The Rialto Center provides educational outreach programs to school students and the general public alike. Among the activities the Rialto offers are Master Classes for university and high-school students; open rehearsals and pre-show lectures for the general public; as well as workshops and demonstrations for students and families, utilizing the Rialto Series artists' alleged talents.

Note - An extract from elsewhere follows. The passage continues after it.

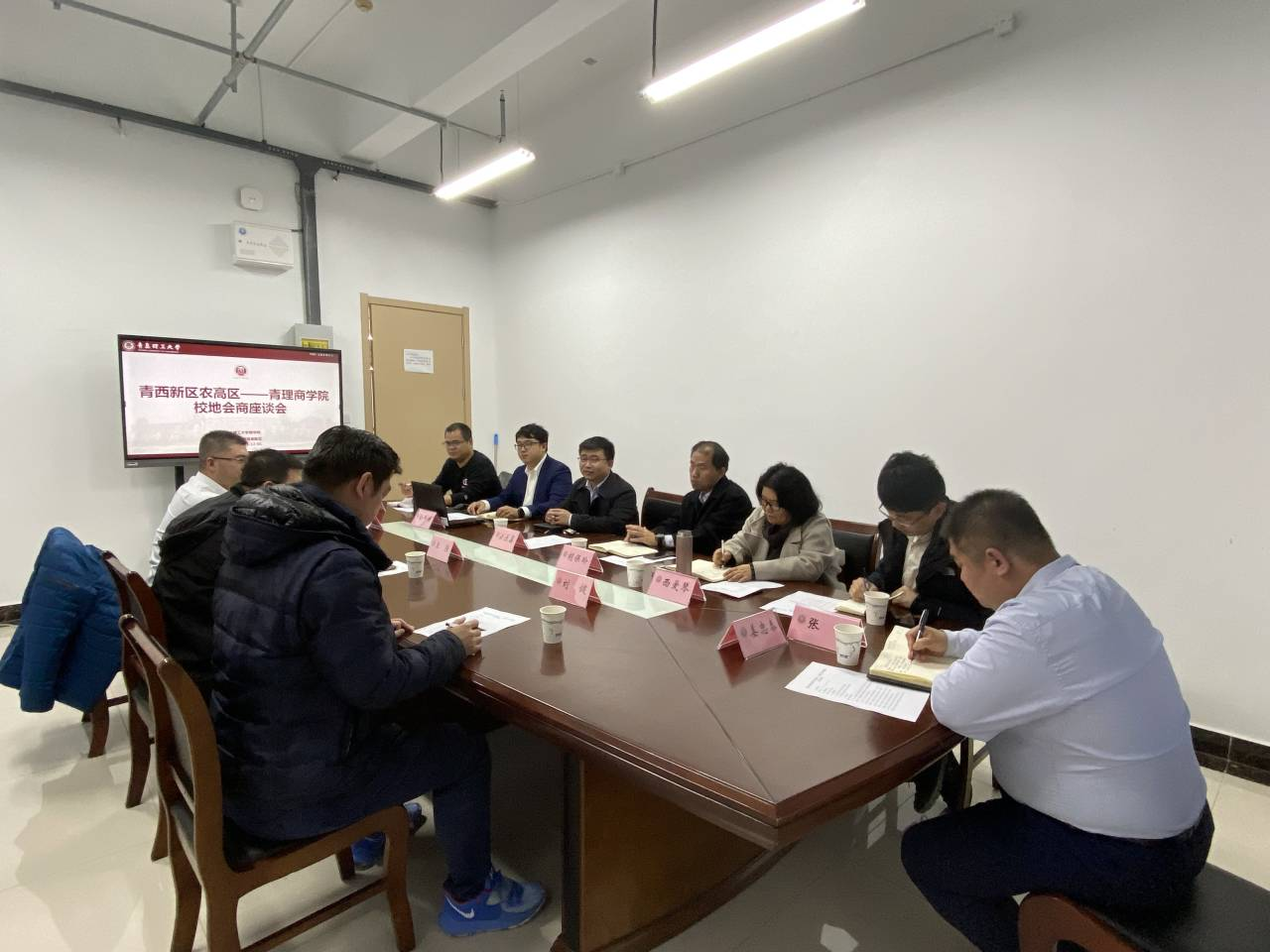 胡保玲对青西新区农高区领导一行的到来表示欢迎,并详细介绍了学校发展概况,重点介绍了商学院学科设置、师资力量、人才建设和科研发展等方面的工作。王强详细介绍了青西新区农高区的发展概况,围绕省级农业高新区的战略升级,并对“数智农业、高新农业和都市农业”等方面进行了重点介绍。

The Rialto, in collaboration with the Georgia State University School of Music, has also developed a jazz education program offered to elementary and middle school students.

==Visual arts==
The Visual Arts Series at the Rialto Center is an ongoing collaboration between the Rialto, Turner First Thursdays, the Comer Art Advisory consulting firm, and the Ernst G. Welch School of Art & Design at Georgia State University. The series regularly transforms the Rialto lobby and mezzanine into an exhibition space for projects organized by Comer Art Advisory. Exhibitions typically relate to Rialto presentations or citywide arts initiatives such as the Atlanta Film Festival, the National Black Arts Festival, Atlanta Celebrates Photography, and ATLart06. Recent years have highlighted the work of Charles H. Nelson, Jr., Alejandro Aguilera, Ruth Laxson, Matt Haffner, among other local, national, and international artists. Additionally, in a special visual arts presentation, the Rialto Center to present panels from the AIDS Memorial Quilt throughout the theater. All of these visual arts exhibitions are free and open to the public.

==Awards==
The Rialto Center annually presents the "Pioneer Award," to honor leaders who have made a commitment to the arts and culture community at Georgia State, located in the heart of Atlanta. Since 2004, the award has been given to several individuals, including Peg and Bill Balzer, Kathy and Ken Bernhardt, JoAnn Haden-Miller, Kwanza Hall, Joanne McGhee, and former Georgia State presidents Mark P. Becker and his wife Laura L. Voisinet; and Carl Patton and his wife, Gretchen.